Typically, the acknowledged public activity in addressing the above mentioned limitations have been minimal. One methodology has been in the implementation of an optimization in the placement of data on an array of disks. This architecture is used to maximize the disk throughput in the video server application. A second methodology has been in the implementation of the policy of optimization of buffering of data retrieved from disk to maximize its reuse in the video server application. Another methodology would see the implementation of the optimization of the file systems for accompanying multimedia data.
However, the above mentioned improvements may typically only improve the overall performance of current video server systems by a factor of two or four times, whereas the current need in the Industry requires improvements in the range of 100 to 1000 times current technology to make the interactive streaming video services economically feasible.
Notwithstanding the foregoing, another key to multimedia audio and video streaming is the concept of Quality of Service.
“Quality of Service” (QoS) generally refers to a technique for managing computer system resources such as bandwidth by specifying user visible parameters such as message delivery time. Policy rules are used to describe the operation of network elements to make these guarantees. Relevant standards for QoS in the IETF (Internet Engineering Task Force) are the RSVP (Resource Reservation Protocol) and COPS (Common Open Policy Service) protocols. RSVP allows for the reservation of bandwidth in advance, while COPS allows routers and switches to obtain policy rules from a server.
A major requirement in providing Quality of Service is the ability to deliver video frame data at a guaranteed uniform rate. Failure to maintain Quality of Service may typically result in an image that is jerky or distorted.
Traditional server system architectures have not been equipped with the functionality necessary for the implementation of providing Quality of Service on a large scale (more than one dedicated server for each client on the network).

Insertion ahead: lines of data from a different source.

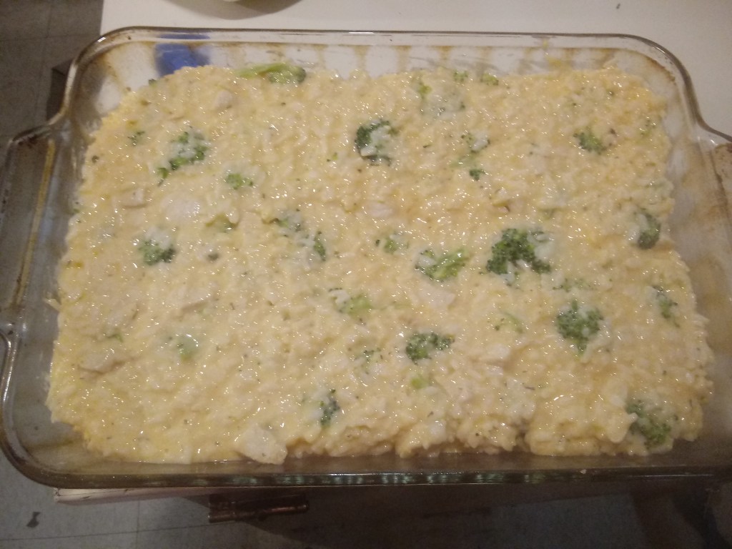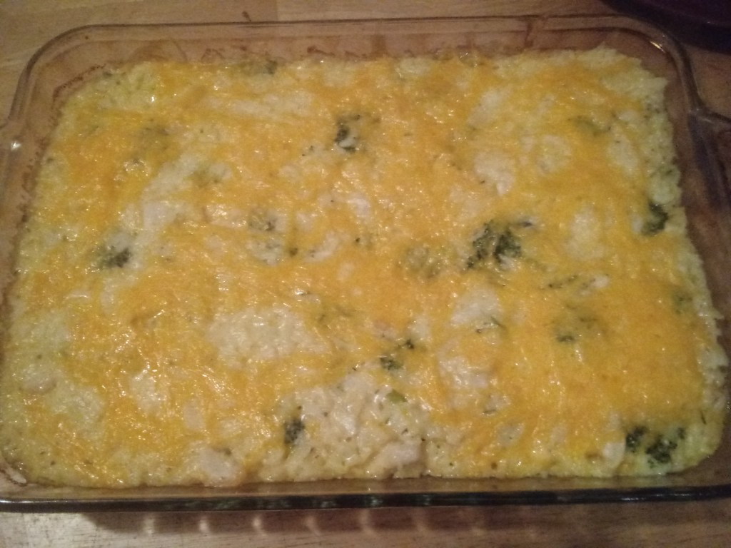 In a large mixing bowl, combine the rice/broccoli combination, the chicken, and the cheese sauce. Stir it well to make sure it is all evenly distributed. Dump this mixture into the prepared baking dish and smooth out the top. Cover and bake for 30 minutes. After the 30 minutes, remove the cover and sprinkle the top with the remaining 2 oz of shredded cheese. Bake uncovered for 10 minutes. Allow it to sit for a couple of minutes before serving.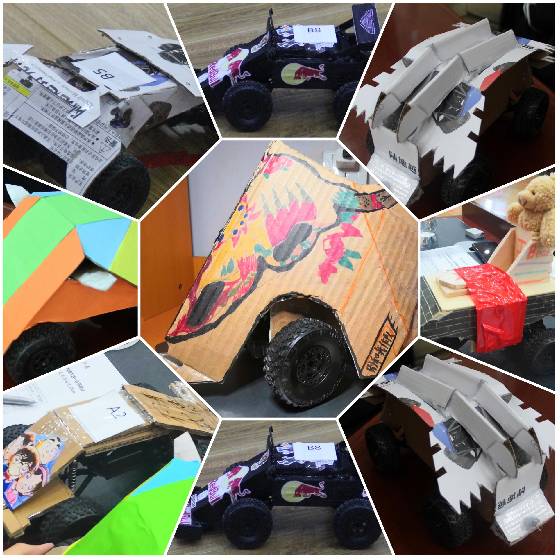 本次DIY小车比赛,要求参赛队伍在统一提供的小车动力底盘的基础上自行设计外壳,通过扎破气球以及距离场地中心距离评分。比赛开始,各组参赛人员代表详细介绍了自己的小车制作过程以及制作理念。同学们分别结合了工程制图,数学几何,艺术美感等知识,介绍了测画图纸、制作零件、组装美化的过程。经过初赛、复赛、决赛三个环节,决出了比赛的一二三等奖。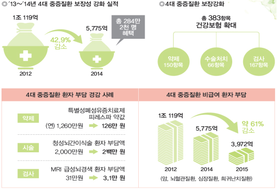 29일 보건복지부의 ‘생애주기별 맞춤형 복지 주요 성과’에 따르면 4대 중증질환자의 비급여 항목 부담은 2012년 1조 119억원에서 2015년 3972억원으로 약 61% 감소했다.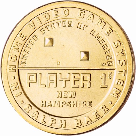 The reverse (tails) design by Christina Hess depicts Ralph Baer’s brown box game “Handball” on the right side of the coin. The left side of the coin features “NEW HAMPSHIRE” and “PLAYER 1” on an incused background. “IN HOME VIDEO GAME SYSTEM” and “RALPH BAER” encircles the outside of the coin in a text that is meant to pay homage to Ralph Baer’s Odyssey game. The additional inscription is "UNITED STATES OF AMERICA." The design of the coin is also symbolic of an arcade token.
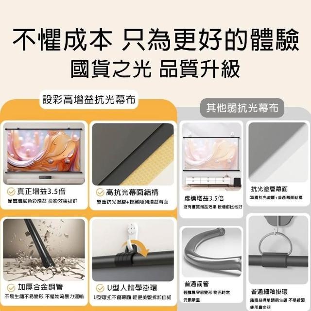 60-120吋投影布幕 投影布幕 金屬布幕 布幕(4K金屬抗光幕/高亮增益3.5倍/自由調節挂鈎/合金鋼管)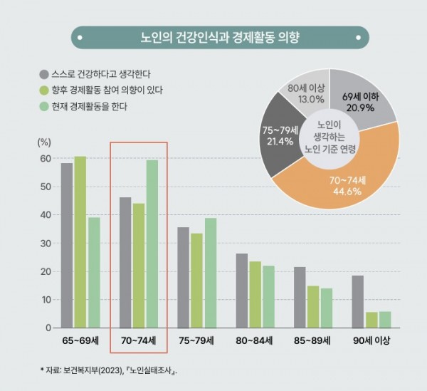 우리나라가 초고령사회에 진입한 가운데 젊은 노인이 늘고 있는 현실을 반영해 ‘노인’의 연령 기준을 단계적으로 상향 조정해야 한다는 제언이 나왔다.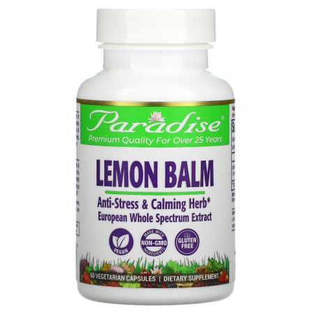 (Melissa officinalis L.)600 мг**** Суточная норма не определена. Премиальное качество уже более 25 лет Растение для борьбы со стрессом с расслабляющим эффектом Европейский экстракт полного спектра Веганский продукт Изготовлено из ингредиентов без ГМО Без глютенаПищевая добавкаEnhancing Nature’s Miracles Since 1994 Имеет регистрацию надлежащей производственной практики (GMP). Зарегистрировано FDAКачество, чистота и эффективностьПродукты Paradise получают награды от Best of Supplements Awards как лучшие добавки вот уже более десяти лет. Мы стремимся использовать сверхчистые ингредиенты премиального качества, которые соответствуют самым высоким стандартам. Мы никогда не добавляем ненужные наполнители, связывающие вещества, консерванты или агенты текучести в наши продукты в процессе инкапсуляции. Преимущества активных экстрактов полного спектраНаши активные экстракты содержат полный спектр природных компонентов и извлекаются без использования токсичных растворителей и/или агрессивных химикатов. Данный уникальный метод позволяет выявить истинную сущность растения в целом, сохраняя при этом необходимую концентрацию высокоактивных и биодоступных питательных фитонутриентов.
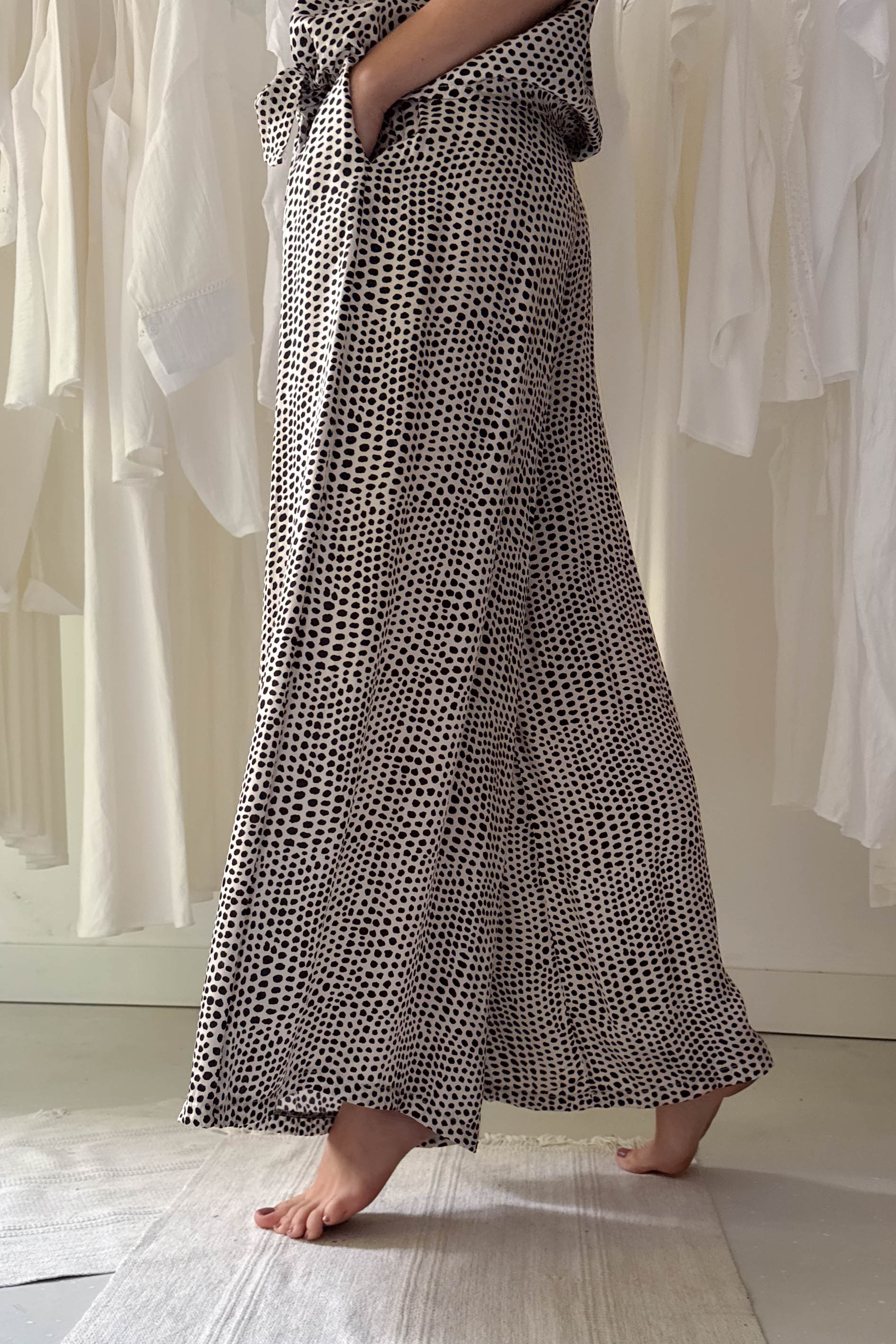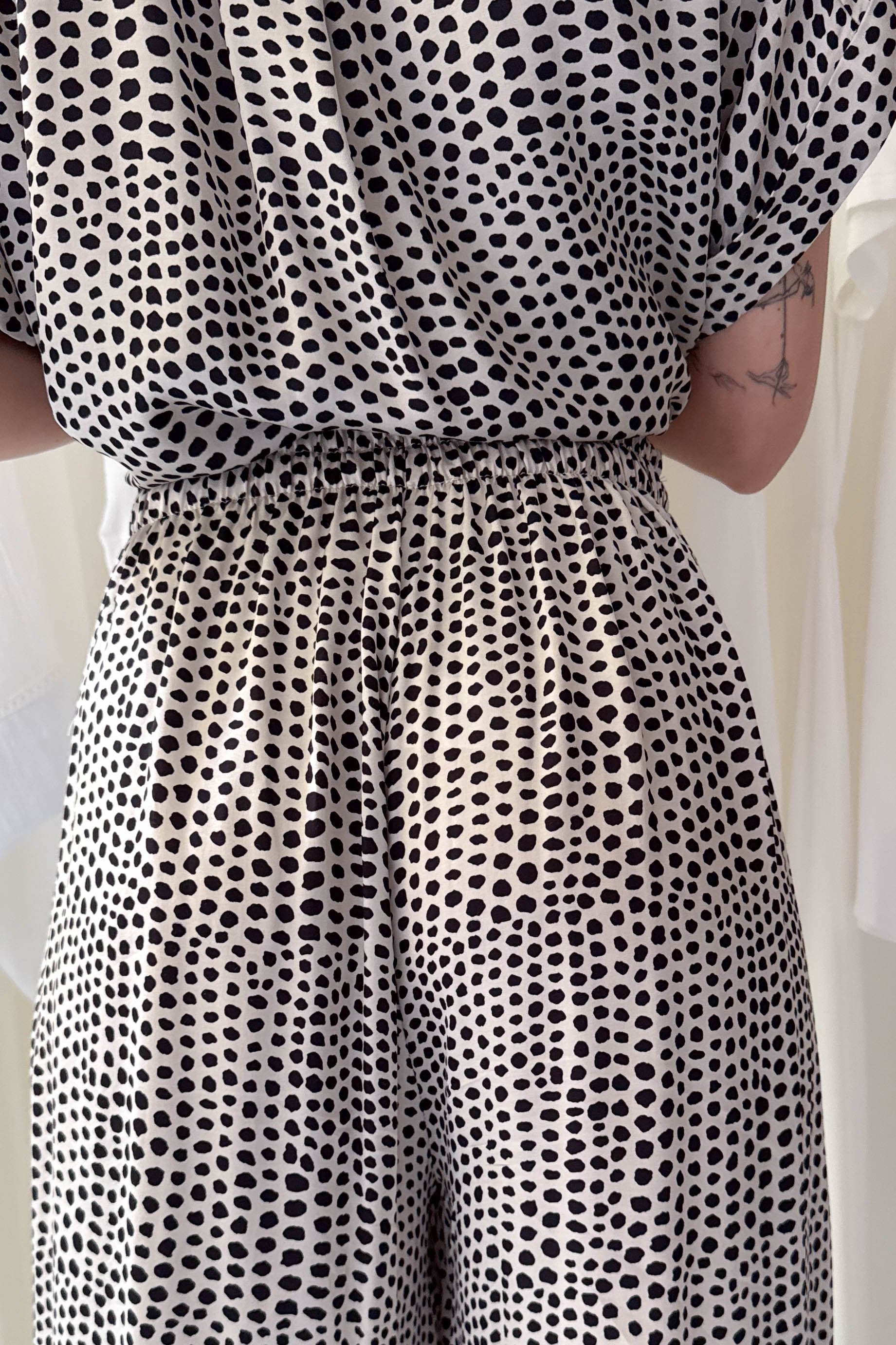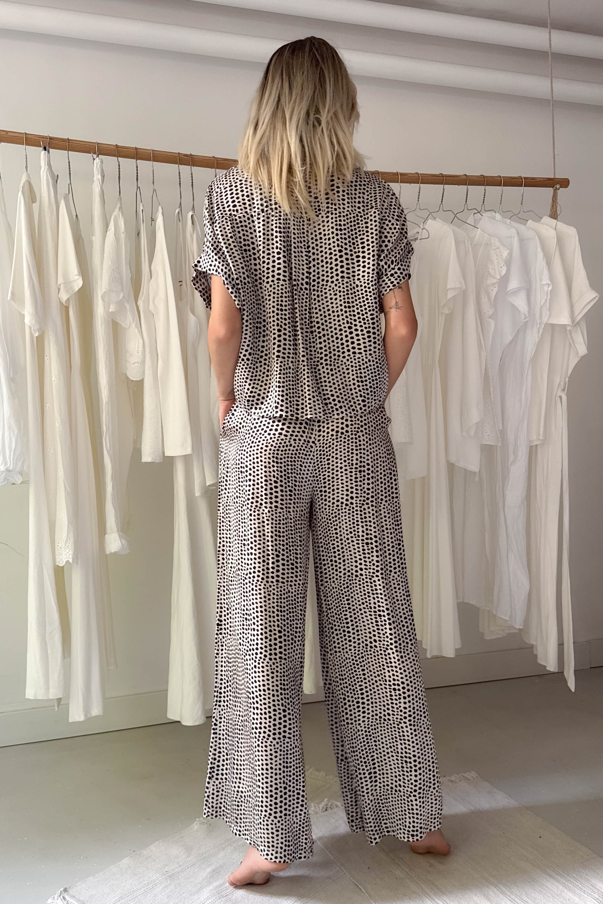 Gumírozott derekú, enyhén bővülő fazonú nadrág. Megkötős fazon.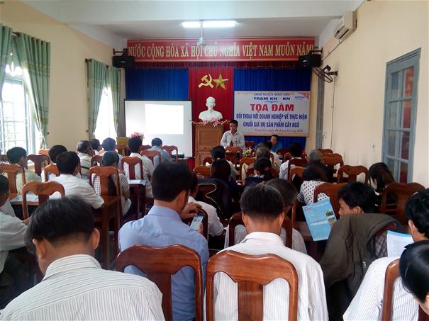 Toàn huyện nông Sơn có gần 900 ha đất canh tác chuyên sản xuất ngô. Tuy nhiên, sản xuất ngô còn nhiều bấp bênh do vật tư đầu vào (giống, phân bón) chưa đảm bảo chất lượng và số lượng, giá cao do chi phí vận chuyển; chưa áp dụng được tiến bộ kỹ thuật vào khâu sản xuất; đầu ra sản phẩm không ổn định và thường bị thương lái ép giá… Buổi tọa đàm được tổ chức nhằm liên kết các khâu sản xuất, hình thành chuỗi giá trị sản phẩm trên cây ngô.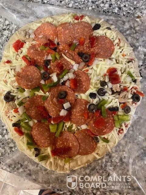 The package also says that the pizza is a full size pizza. This is NOT TRUE! It makes me very mad that I spent money to have the extra part and now have less to feed my family than if I would have bought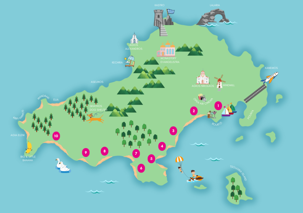 It’s easy to take a local bus to Skiathos town, or head to the beach to pick up a water-taxi. If you want to explore further south on the island hop on the bus and travel down towards Kolios, Platanias, Troulos or Koukounaries.

With an increasing load on the server systems to provide streaming multimedia applications, an increased volume of user (end-clients), and the above mentioned deficiencies in current server system technology, a need exists to provide a server system architecture which will be able to address this need.
U.S. Pat. No. 5,758,085 (hereinafter, “085′ Patent”) assigned to the Industrial Business Machine (IBM) Corporation addresses the above-named problems by providing a plurality of intelligent switches in a Storage Area Network (SAN) with the server system. When the end-user (client) makes a request to receive video and multimedia data, a request is sent to the host processor which in turn sends a request to a plurality of intelligent switches on the SAN. The intelligent switches include a cache for storing the requested data. The data is relayed directly from these switches to the end-user (client) requesting the multimedia data.                However, the IBM system described above provides for the storage of data onto switches, it does not allow the individual switches to cooperate together as a distributed architecture in order to pool bandwidth together to supply the backbone network. Current technology allows only for a 1-2 Gigabyte data stream coming out of a single peripheral device such as an array of disks, wherein the network backbone may accommodate a 10 Gigabyte or higher data stream. Also, in the '085 Patent, the individual switches are not able to work together to distribute a delivery request over multiple switches for load balancing and streaming of the requested data.        
Accordingly, it is desirable to provide systems and methods that allow for efficient delivery of multi-media and other data content to clients and which overcome problems inherent in existing systems.